Thank you everyone for your feedback. You, essentially strangers on the Net, are the only people who are not hostile to me and know about my situation. I really felt encircled.


----------



## aug

Unless you're that type of a person also, you cant be in love with a cheater, a liar, someone with incredibly low standard of ethics.

The other man (OM) is a career Marine. Report him to his commander. This you must do.

Do not let your mother-in-law into your house. She's incredibly evil. And she's teaching/taught her daughter to be evil. Let's hope the dark side does not overcome your son -- you should be the counter influence.

You'll need to let her go. Read the 180 also. Note that the 180 is for your mental health and not to win her back.

You're currently going through stages of grief . Realize that your current emotions are all over. Try to detach.

You're still young. Why spend the rest of your life with an evil person?


----------



## bryanp

You can't be serious of ever considering to recover with her. She continues to screw the OM right under your nose and put your health at risk for STD's. She screws the OM on your birthday. She screws the OM while you are taking your child trick or treating and bad mouths you on top of that. You judge a person by their actions and not by their words and her actions speak volumes. She continues to play you for a fool. She has no respect for you whatsoever. If you do not respect yourself then who will?

This is the ultimate in humiliation and disrespect toward you. She sees you as a doormat. She lies right to your face and continues to keep screwing her lover. Please get tested for STD's immediately. Please contact an attorney at once to understand your options. She has played you for a fool and she will be absolutely right if you stay with her. Enough is enough!


----------



## bryanp

One more thing. You need to ask yourself why you would love a woman who clearly takes such glee and joy in disrespecting, humiliating you and degrading your marriage and putting your health at risk for STD's. What is wrong with this picture? You would have to be a masochist to stay married with a person like this.


----------



## snap

Harsh folks, but I appreciate it; perhaps I really need a slap or two to come to my senses.

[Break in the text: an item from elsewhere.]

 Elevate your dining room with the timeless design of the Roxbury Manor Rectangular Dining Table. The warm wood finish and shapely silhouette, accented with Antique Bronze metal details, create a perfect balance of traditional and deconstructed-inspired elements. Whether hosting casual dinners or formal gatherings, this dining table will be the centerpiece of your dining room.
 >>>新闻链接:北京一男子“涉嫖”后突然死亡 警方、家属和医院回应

aug, I don't see the point reporting the OM to his commander. I wanted to let his wife know, but the dude appears to be divorced. I'm not into it for revenge and it wasn't him who cheated on me.


----------



## snap

bryanp said:


> One more thing. You need to ask yourself why you would love a woman who clearly takes such glee and joy in disrespecting, humiliating you and degrading your marriage and putting your health at risk for STD's. What is wrong with this picture? You would have to be a masochist to stay married with a person like this.

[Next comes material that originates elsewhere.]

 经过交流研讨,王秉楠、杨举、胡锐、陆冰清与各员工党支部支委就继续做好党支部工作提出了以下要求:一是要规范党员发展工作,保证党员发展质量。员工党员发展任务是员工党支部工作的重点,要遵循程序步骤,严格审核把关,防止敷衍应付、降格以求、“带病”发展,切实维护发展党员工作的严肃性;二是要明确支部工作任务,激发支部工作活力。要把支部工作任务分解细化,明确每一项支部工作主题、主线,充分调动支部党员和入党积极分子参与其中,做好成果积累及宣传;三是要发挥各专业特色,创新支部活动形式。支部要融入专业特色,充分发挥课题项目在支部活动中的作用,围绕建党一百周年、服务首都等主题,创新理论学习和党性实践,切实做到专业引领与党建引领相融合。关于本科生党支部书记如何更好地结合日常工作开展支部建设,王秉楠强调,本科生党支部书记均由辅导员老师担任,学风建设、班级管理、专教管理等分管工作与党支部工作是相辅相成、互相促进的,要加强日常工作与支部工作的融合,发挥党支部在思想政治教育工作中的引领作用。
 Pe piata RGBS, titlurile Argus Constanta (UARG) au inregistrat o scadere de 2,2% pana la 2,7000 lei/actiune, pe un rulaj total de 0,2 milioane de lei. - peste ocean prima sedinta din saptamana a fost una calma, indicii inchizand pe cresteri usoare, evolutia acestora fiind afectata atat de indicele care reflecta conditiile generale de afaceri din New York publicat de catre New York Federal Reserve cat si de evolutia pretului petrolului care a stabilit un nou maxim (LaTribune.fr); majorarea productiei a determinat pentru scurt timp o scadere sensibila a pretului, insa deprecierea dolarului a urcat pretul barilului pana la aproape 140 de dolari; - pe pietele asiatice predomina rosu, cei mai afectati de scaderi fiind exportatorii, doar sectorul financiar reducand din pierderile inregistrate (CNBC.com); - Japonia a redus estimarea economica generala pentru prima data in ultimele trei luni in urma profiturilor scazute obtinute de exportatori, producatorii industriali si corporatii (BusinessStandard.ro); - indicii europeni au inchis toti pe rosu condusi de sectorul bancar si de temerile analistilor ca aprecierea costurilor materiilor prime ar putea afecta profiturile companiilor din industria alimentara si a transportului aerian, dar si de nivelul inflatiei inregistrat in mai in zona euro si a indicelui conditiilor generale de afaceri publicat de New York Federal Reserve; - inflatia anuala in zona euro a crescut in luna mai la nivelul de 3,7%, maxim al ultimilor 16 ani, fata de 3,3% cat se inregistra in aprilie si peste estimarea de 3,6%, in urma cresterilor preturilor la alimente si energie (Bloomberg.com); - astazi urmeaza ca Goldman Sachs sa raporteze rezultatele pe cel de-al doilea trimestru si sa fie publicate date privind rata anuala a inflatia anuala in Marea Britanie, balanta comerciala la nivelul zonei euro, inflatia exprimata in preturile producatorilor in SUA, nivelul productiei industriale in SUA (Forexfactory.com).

It wasn't always like that. I remember her loving and caring, and she aways was (and still is) a great mother. She barely made it out of ER alive after the childbirth, so she treasures the boy.

But I see your point. We had our ups and downs in the marriage, but looking back I fail to see what could I have done to deserve this.


----------



## Halien

snap said:


> Harsh folks, but I appreciate it; perhaps I really need a slap or two to come to my senses.
> 
> aug, I don't see the point reporting the OM to his commander. I wanted to let his wife know, but the dude appears to be divorced. I'm not into it for revenge and it wasn't him who cheated on me.


Snap,
One of my employees is a fairly high ranking officer in the Reserves (just got back from Iraq). According to him the military still takes this very seriously, but primarily in the respect that it puts their personnel at risk in other countries. There has been an incredible rise in servicemen who have been cheated on while away, and the friend said his unit was getting these every day, so it is a matter of morale and unit integrity.


----------



## Shaggy

Ask her to tell you how you could possibly know that she isn't still cheating? Put the burden on her.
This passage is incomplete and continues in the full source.